Заслугой немецких медиков было то, что в марте 1939 г. во Франкфурте-на-Майне состоялся конгресс по алкоголю и табаку, в нем принимали участие имперский руководитель медицины Леонардо Конти, шеф ДАФ Роберт Лей, известный берлинский хирург Фердинанд Лауэрбрух. Перед многочисленными присутствующими и слушателями специалисты бичевали оба порока, которые, как говорилось на съезде, «не только вредят воспроизводству арийской расы, но и наносят тяжелый урон немецкому народному хозяйству». Вред от курения в про-гандистской литературе оценивался в 2,3 млрд. марок ежегодно, что соответствовало стоимости 2 млн. легковых автомобилей. Особенно подчеркивалось вредоносность курения для рожениц. Эти цифры впечатляли даже Гитлера, курившего в молодости по 25–40 сигарет в день.
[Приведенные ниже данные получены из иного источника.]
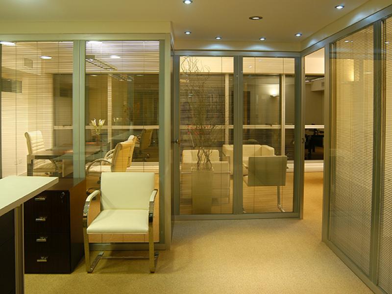 El conjunto armónico de materiales tales como el aluminio, el vidrio y la madera de wengue sumados a la paleta de color maíz elegida, le dan a la sede de Indexport una base cromática cálida, fresca y joven.
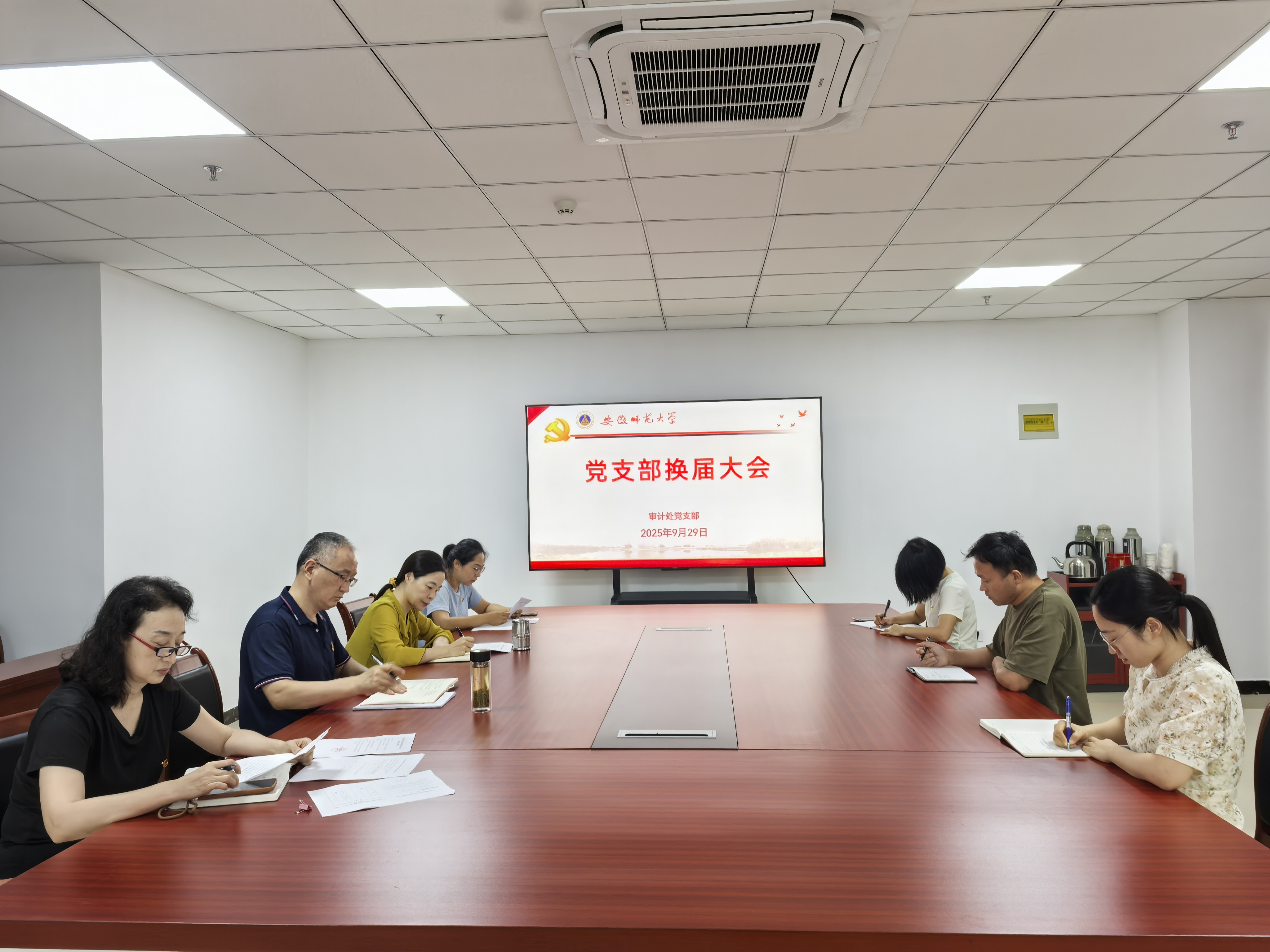 9月29日下午,审计处党支部换届大会在文典楼A528会议室举行,支部全体正式党员参加大会,机关党委委员、人事处副处长王标到会指导,会议由审计处处长喻娜主持召开。

Гитлер сожалел, что в начале войны в армии был установлен сигаретный паек, и для того, чтобы уменьшить потребление никотина, он приказал сократить норму до 6 сигарет в день (некурящим выдавали шоколад). Государство шло на всяческие меры по ограничению торговли сигаретами, несмотря на то что налоги на табак составляли 1/12 всех государственных доходов. Под впечатлением выводов медиков Гитлер (даже для финансирования собственной партии) отказывался принимать деньги от табачных фабрикантов.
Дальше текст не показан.